The ensuing silence was so long that I tried opening my eyes again. Things were wavery but not too bad. The sandy-haired man, who was studying the drawing judiciously, turned his attention to me, back to the wrecked drawing, and then back to me once more. He pursed his lips.
"So it would seem."
"No, I mean the drawing itself. Look at the pencil lines. See how they glisten?" "Glisten?" he said.
"Yes, glisten." I rubbed the back of my neck, annoyed at having to look up at him from the floor, but not about to try standing. 'That means there was graphite in the pencil."
"Graphite."
"Yes, damn it, graphite."
"Ah, graphite, yes."
"Look… they didn't start using graphite in Europe until the end of the sixteenth century. Before then pencils were made of lead alloyed with tin."
"Tin," he said. "Of course. I see, yes. Tin."
"Listen…" My voice began to rise a little. I did not en: joy being humored by this irritatingly bland little man, "Don't you see? Michelangelo worked on the Cascina studies around 1500. He died in 1564-which means he had to have drawn this posthumously."
I thought that was pretty good for a man in my condition, but he only said in that dry, patient, maddening way: "Posthumously."
"Goddammit," I snapped with as much emphasis as I thought my nasal passages would bear, "it's a forgery -a fakel"
If he says "Forgery," I thought, I am going to bite him on the knee.
He was saved, however, by the appearance of two teams of medics hurrying down the corridor with folded stretchers on wheels. "Over here, please, you men," he called, wiggling a finger at them. Then he looked down again at me.
"Well, of course it's a fake," he said calmly. "What else would it be?"
Chapter 4
I think I ought to say at this point that this kind of thing doesn't usually happen to me. I'm an art historian, as you've gathered, curator of Renaissance and Baroque painting at a major San Francisco museum.

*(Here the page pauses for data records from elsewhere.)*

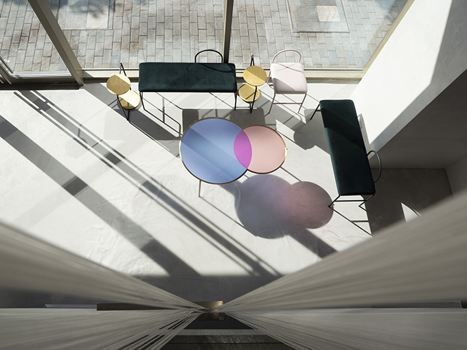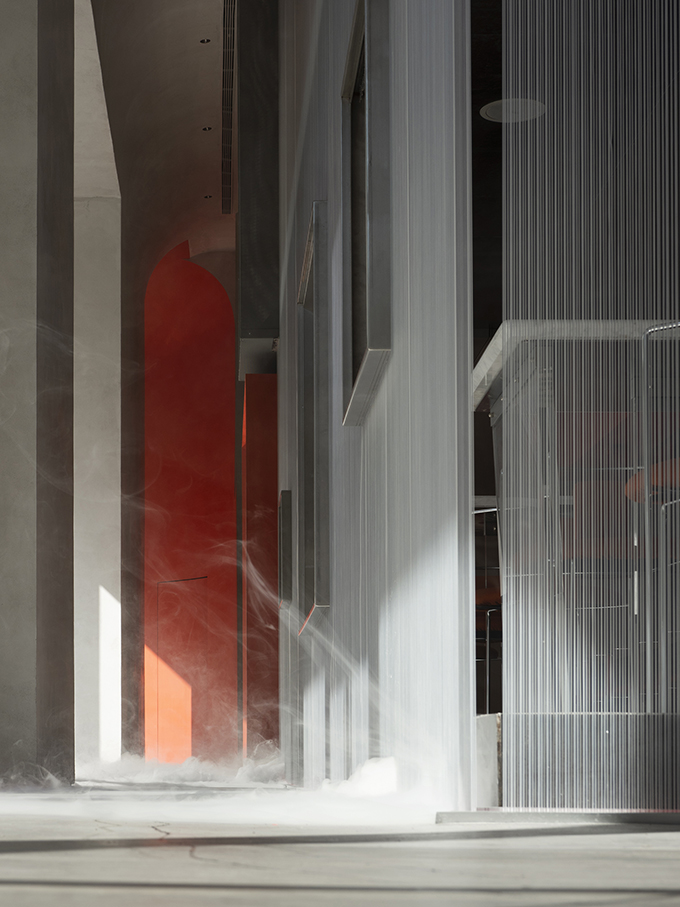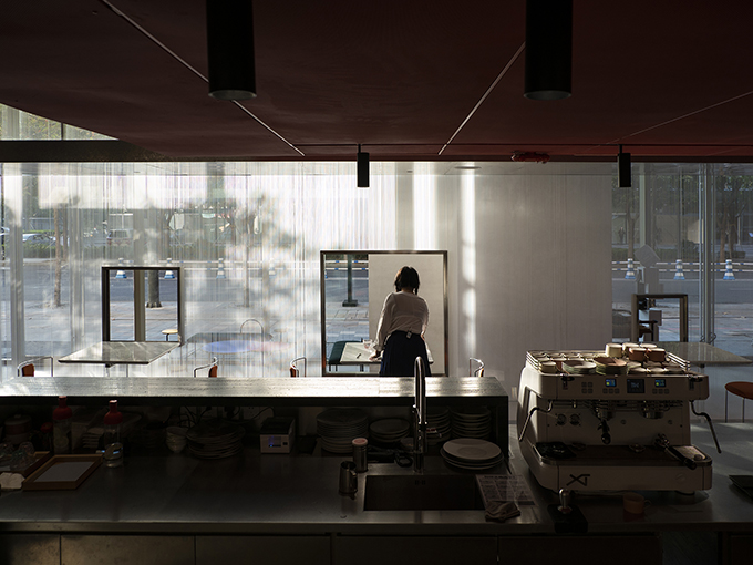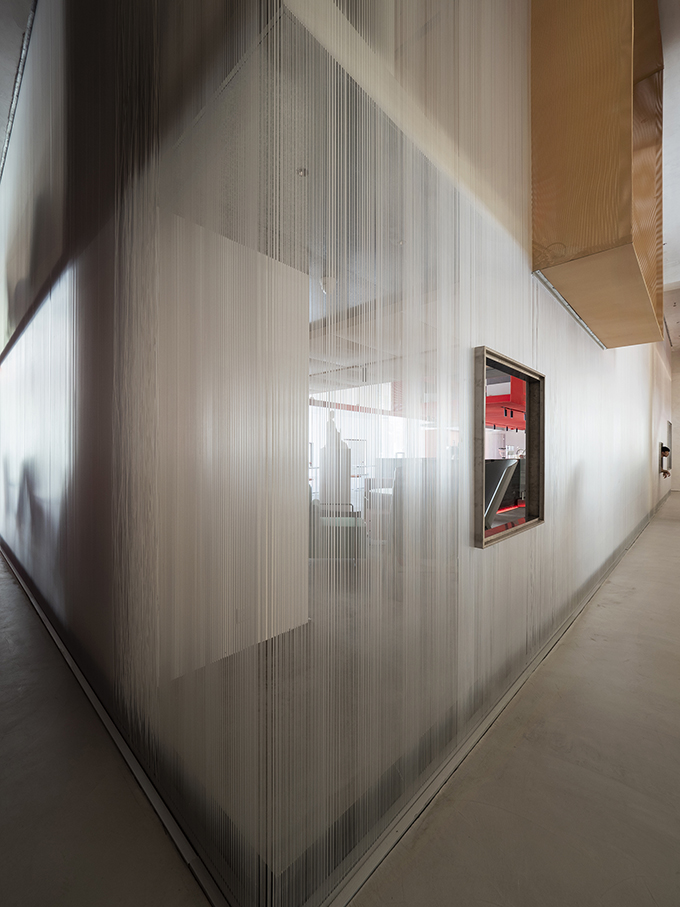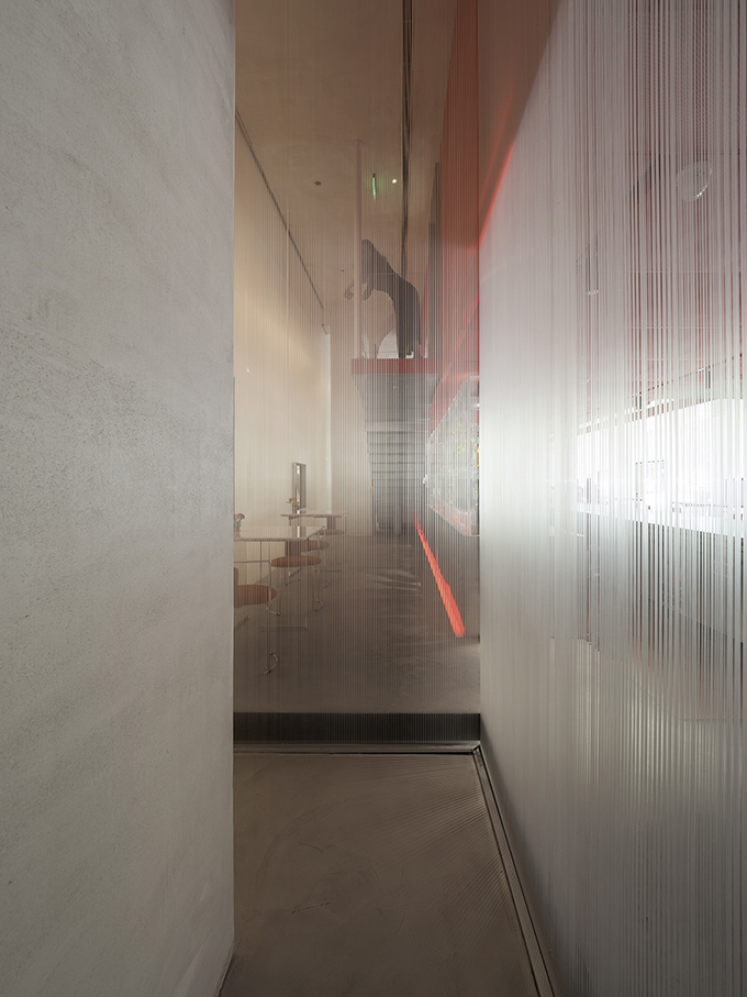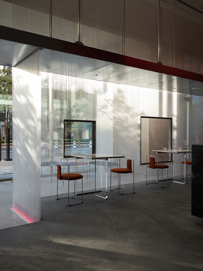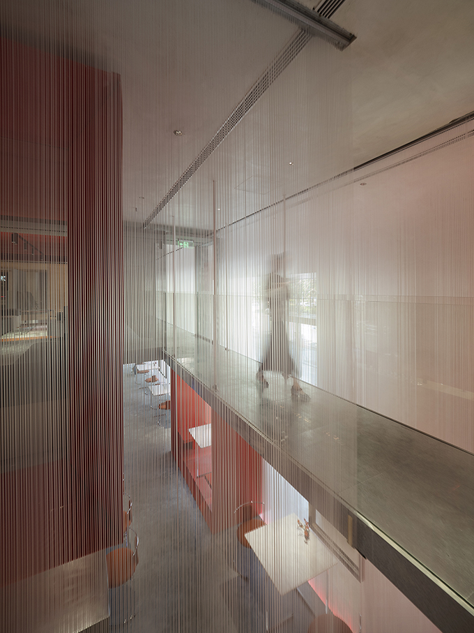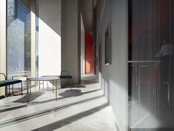 The surface layer of the interior architecture here is like theater curtains. We have chosen glass, metal mesh, galvanized sheet metal, nylon threads, and stainless steel to build a transparent and semi-transparent, hazy and solid contrast in the materials. Of those, nylon is the most expressive in showing hazily mysterious curtains. After trying materials of various flexibility, such as fishing lines and transparent PVC tubes, we use nylon threads to construct walls of lines that are varied in density. This not only upends people’s impression of thick and heavy walls but also changes the density of tree shadows as well as the images and shadows of trees and people as the angel and distance of viewing change.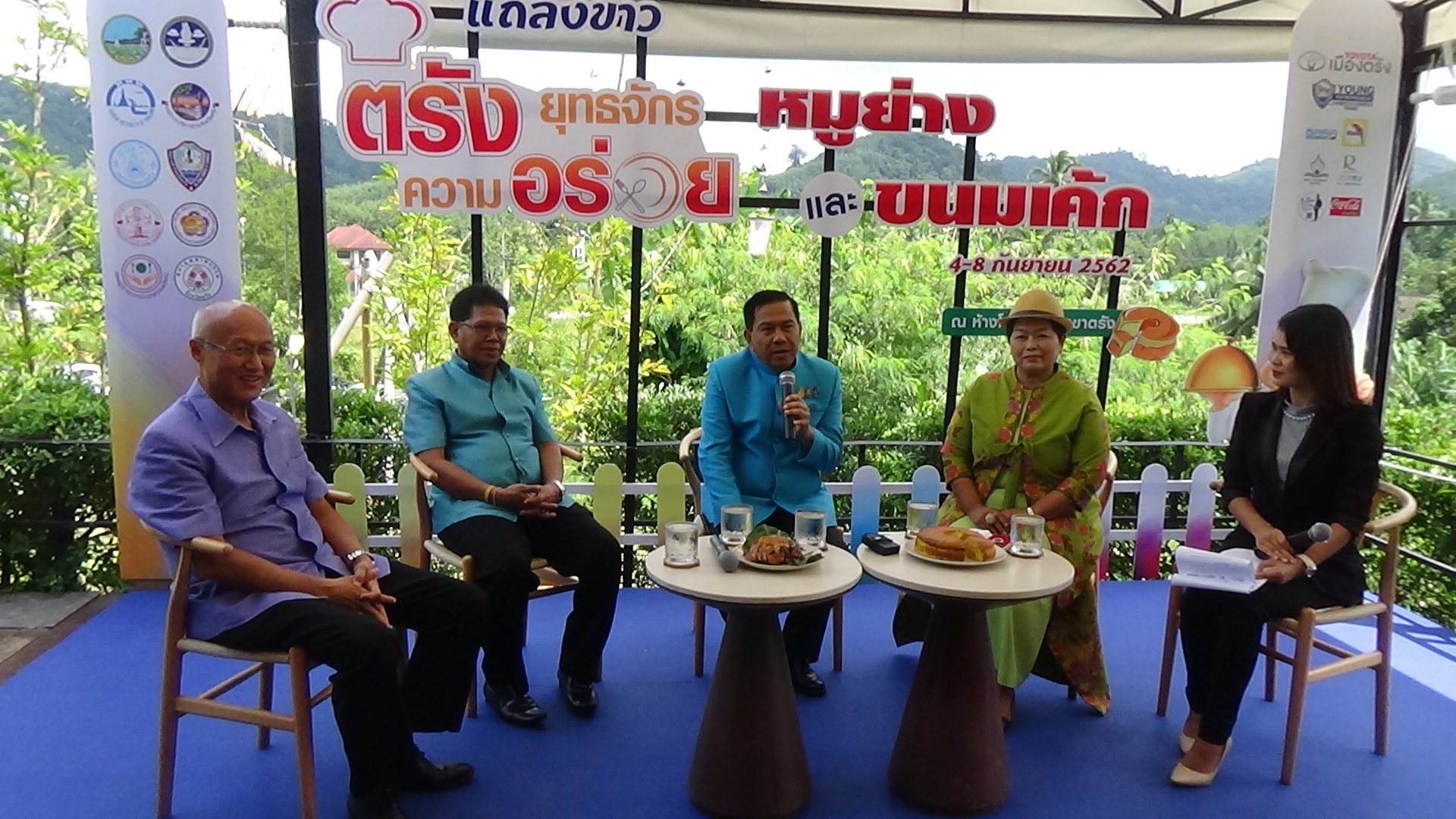 ที่ร้านกะช่องฮิลล์ อ.นาโยง จ.ตรัง นายลือชัย เจริญทรัพย์ ผู้ว่าราชการจังหวัดตรัง พร้อมด้วย นางสาวนันทวัน ศิริโภคพัฒน์ ผู้อำนวยการการท่องเที่ยวแห่งประเทศไทย (ททท.) สำนักงานตรัง นายศุภศักดิ์ ศรีหมาน ท่องเที่ยวและกีฬาจังหวัดตรัง และนายพิชัย มะนะสุทธิ์ ประธานหอการค้าจังหวัดตรัง เป็นประธานและร่วมแถลงข่าวการจัดงาน “ตรังยุทธจักรความอร่อยกับหมูย่างและขนมเค้กจังหวัดตรัง” ประจำปี 2562 ณ กะช่องฮิลล์ อ.นาโยง จ.ตรัง กิจกรรมในปีนี้ ประกอบด้วยการออกร้านจำหน่ายสินค้าของผู้ประกอบการหมูย่างและขนมเค้กทั่วจังหวัดตรังกว่า 40 รายในราคาพิเศษ โดยหมูย่างกิโลกรัมละ 400 บาทจากราคา 420 บาท ขนมเค้กกล่องใหญ่ราคา 70 บาท จากราคาปกติ 80 บาท และขนมเค้กกล่องเล็ก 40 บาท และการออกร้านจำหน่ายอาหารชื่อดัง อาหารถิ่นจังหวัดตรัง การจำหน่ายสินค้าที่ระลึกพื้นเมืองกว่า 200 และกิจกรรมนาทีทอง การจำหน่ายหมูย่างในราคาพิเศษ กิโลกรัมละ 370 บาท วันละ 30 กิโลกรัมเท่านั้น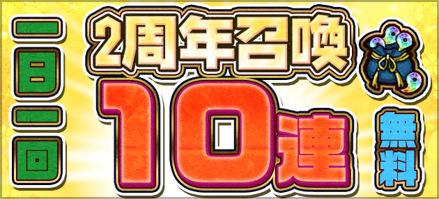 期間中、1日1回"10回召喚"を無料で行うことが出来る2周年召喚が登場します。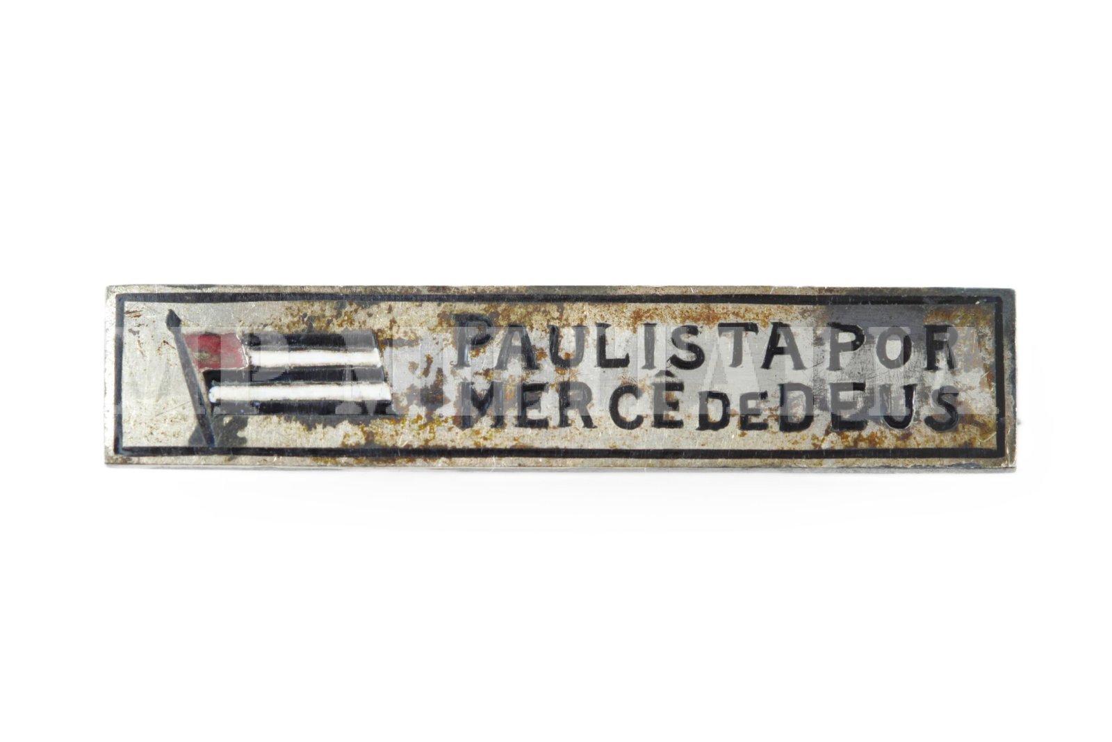 Raro pin descrito no Álbum Paulista como, “Paulista por Mercê de Deus”, produzido durante a Revolução Constitucionalista de 1932;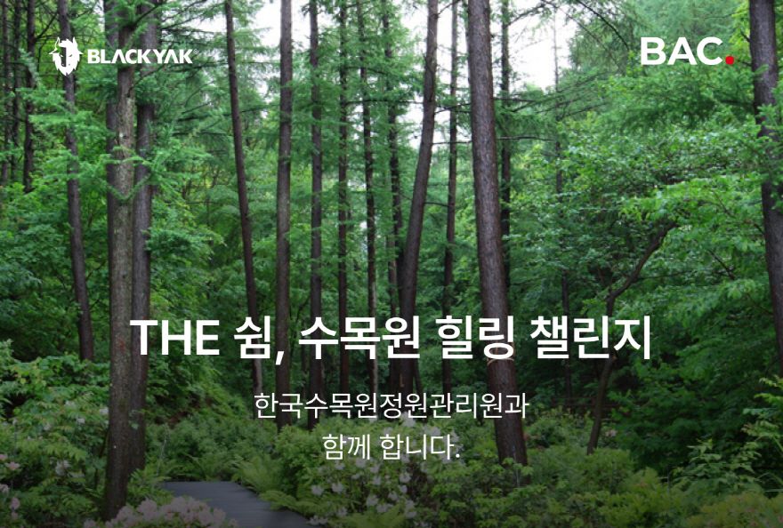 ‘블랙야크’가 국내 최대 규모 아웃도어 커뮤니티 플랫폼 블랙야크 알파인 클럽(BAC)과 한국수목원정원관리원과 함께 수목원 힐링 챌린지를 진행한다.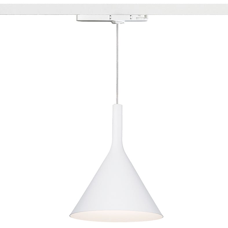 Lampada a sospensione a forma conica in metallo verniciato a polveri, progettata in due differenti misure, in finitura bianca o nera, con interno bianco o oro satinato. Disponibile in versione singola (cavo di sospensione nero o trasparente), con kit decentramento a tre o cinque elementi (cavo in tinta con il corpo lampada) o con possibilit? di decentramento dal punto luce. Soluzione disponibile a nche per binario SQUASH, SQUASH PRO e GROOVE EVO.Attacco E27 che consente di montare lampadina LED.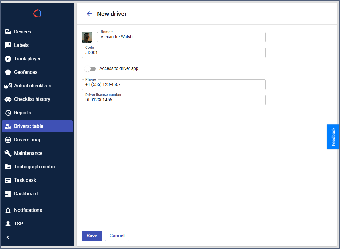- In Wialon Platform FleetSpace, navigate to the Driver management section.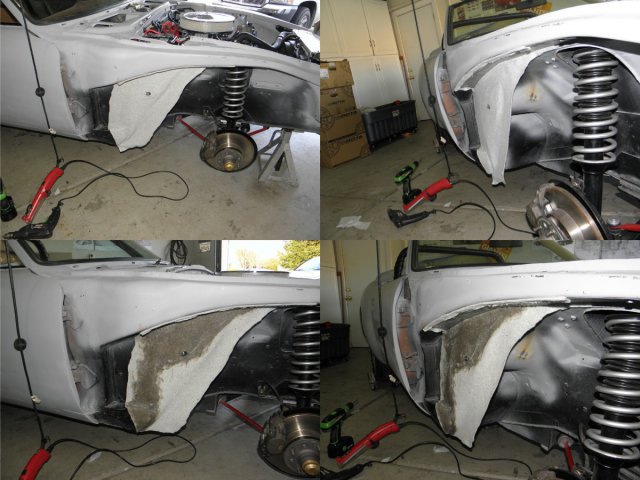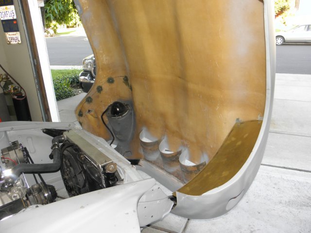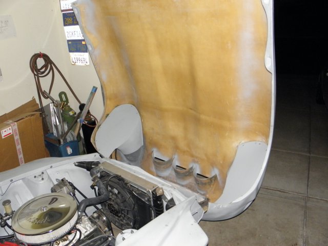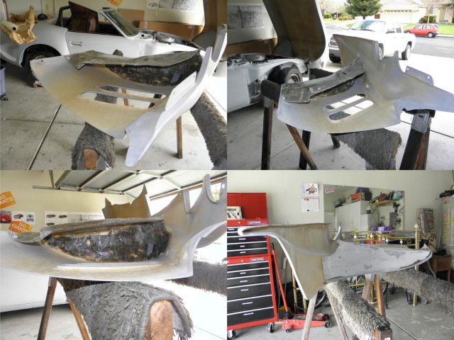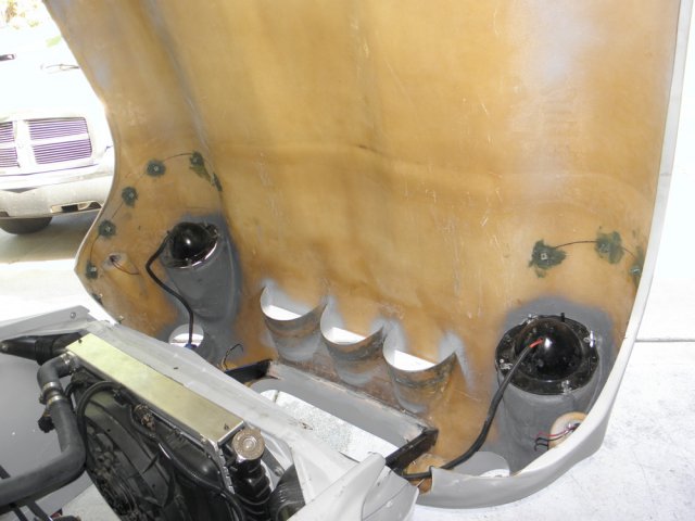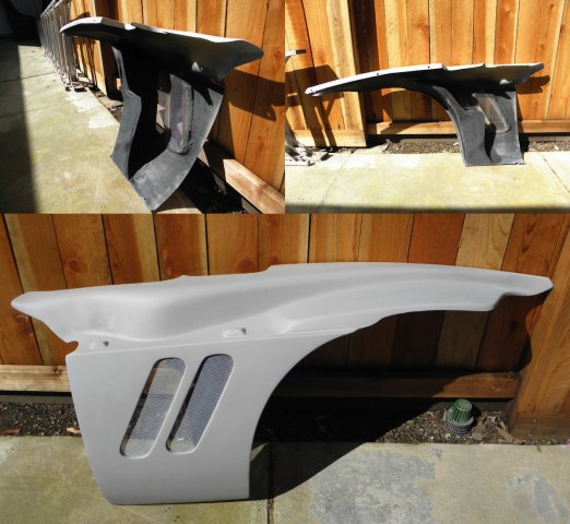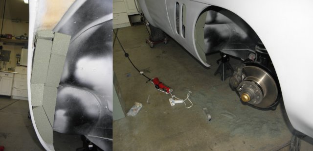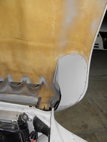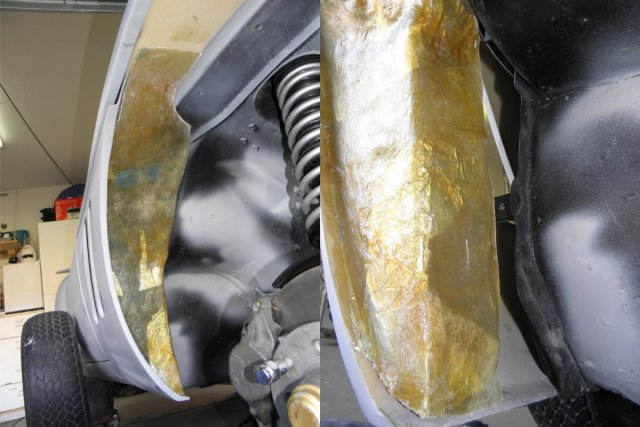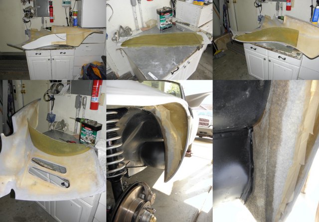 Been dealing with a sore throat and sinus infection for the last week. Was feeling much better today, so I decided that my compromised respiratory system needed a good dose of fiberglass/bond dust to make my recovery move right along. Got around to finishing the front inner fender/headlight covers. Spent most of the day filling and sanding and I'm pleased with final result. I was going to finish them with undercoating, but it's been suggested that spray truck bed liner might be better.

And despite what you may have read about art curators, I don't find myself habitually entangled in international theft or deceit on the grand scale, and certainly not in murder. It's not that I'm particularly unadventurous or fainthearted, you understand, but thrilling-chases-through-the-capitals-of-Europe are things I read about on long flights, not things I do.
Not until lately.
"Well, of course it's a fake. What else would it be?"
Much as I wished to pursue that laconic rejoinder, I had to let it pass. The medics, with quiet speed, did several things to my face-some hot, some cold-stuck a needle into my arm, and settled me unresisting onto the gurney. I was trundled off down the long hallway trying to focus on the questions that were already beginning to flutter off out of reach. Could I really have stumbled on Peter's forgery by having it literally thrown in my face? It seemed unlikely. And how did that tweedy little man know it was a forgery? Peter had said no one knew. Was there a second fake? If so, why hadn't Peter mentioned it? And… and…
It was too much to think about. Instead, I found myself sleepily and contentedly absorbed in the neon ceiling lights whizzing by like the lights of local train stations seen from a night express, and in the warm, lovely sensation of giving myself entirely into the competent, responsible hands of others.
I was at the Air Force hospital for two days, much of it passed in a dopey haze that I barely remember, while white-coated people took X rays, stuck more needles in me, and prodded me with cheerful insistence. "Does this hurt? No?… Does it hurt now?… Now?" Sooner or later they got their way, and then left me to doze until the next one turned up.